Thanks for the suggestions. However, I believe that the greatest current obstacle in construction is the way how rotations are obtained. I have described that extensively here and passingly here.
1. Unfrozen Positioning- While being able to freeze a construction element in place is very useful for alignment, I find it equally problematic. Because if I want something to accurately align I have to play a guessing game on where to freeze an item in place to be at the right amount of distance for the positioning xyz value points to line up where I want them to, and as you probably guess it's a very tedious thing. I also think it would help to be able to enable transparency/intersecting placement via command key instead of having the block/plank/pole auto-stacking.
I think I do not understand this point. Unfrozen positioning is already there basically: simply do not freeze it. The frozen positioning is very helpful in aligning and seamless connecting (as far as possible) elements. Which improvement do you envision, exactly?
(My usual work flow is 1) to freeze an element at the nearest block position -- using [G] / [RCtrl] / [G] -- to ensure a consistent 'origin' and then 2) move it by a specific number of steps -- see this post for details on block size, assumed real size and step sizes --; each step is likely to introduce rounding errors, and for this I try to use as few of them as possible and to start from the nearest 'fix', assuming that block positions are internally represented as integers and then suffer no rounding/truncation errors).
2. Coordinate Input: another suggestion is the ability to manually put in the xyz coordinates for your active construction item. Because this is an open world game I'd figure it would need to work by isolating a small area by highlighting blocks to work on (like with Blueprint creation). I don't know if inserting xyz values this could be a Command Control input or done via a unique type box opened up via keybinding. I'm not too confident if this one could work well
I am all for numeric input! However, the coordinate of which point of the plank/beam/log? Its origin? do you know/remember/can work out where the origin (or any other specific point) is in an element which has been rotated?
Currently, in the user interface, each of the X, Y, Z coordinate in RW is expressed as the index (possibly decimal) of block along the corresponding axis. Using decimal numbers for coordinates is likely going to introduce floating point errors again.

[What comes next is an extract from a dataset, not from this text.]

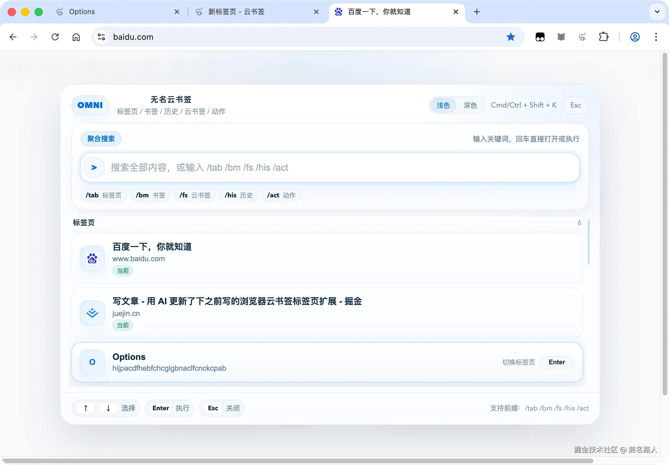 如果说新标签页解决的是"打开浏览器之后"的体验,那 Omni 命令面板解决的,就是"在任何页面里,怎么更快完成操作"。

So the more precise way I can imagine looking from 'outside' of the code is to use the smallest step as measure unit. There are 400 position steps in a block. This would amount to specify a position as:
<block_index_X>|<step_index_X (0-399)>, <block_index_Y>|<step_index_Y (0-399)>,<block_index_Z>|<step_index_Z (0-399)>.
So, I share your impression that it could possibly not work very well either, particularly for sequences not following one of the coordinate axes (oblique sequences, stairs, spiral staircases, etc.).
3. Item Subtraction/'Hollowing'- Like with the terrain tools, have a setting in creative construction for your selected item to essentially cookie-cut out an area of an existing plank/beam/pole. This further expands possibilities and methods for unique creation; I know I would be absolutely enthralled to be able to just place a wood pole and align a smaller one to hollow it out and make fast and easy pots/cauldrons/pipes/rings (creating those manually are the bane of my existence)
This would definitely be a great addition! However, I do not expect it to happen any soon, or possibly ever. For the little I understand the way RW works, it would require an extensive, deep, structural rewrite of the code: possible, but not probable.
I would be content with more primitive shapes -- half log, quarter log / filled and hollow / ... -- and a greater range of size; this would at least allow to make rings, arcs, etc. much more easily than it is now.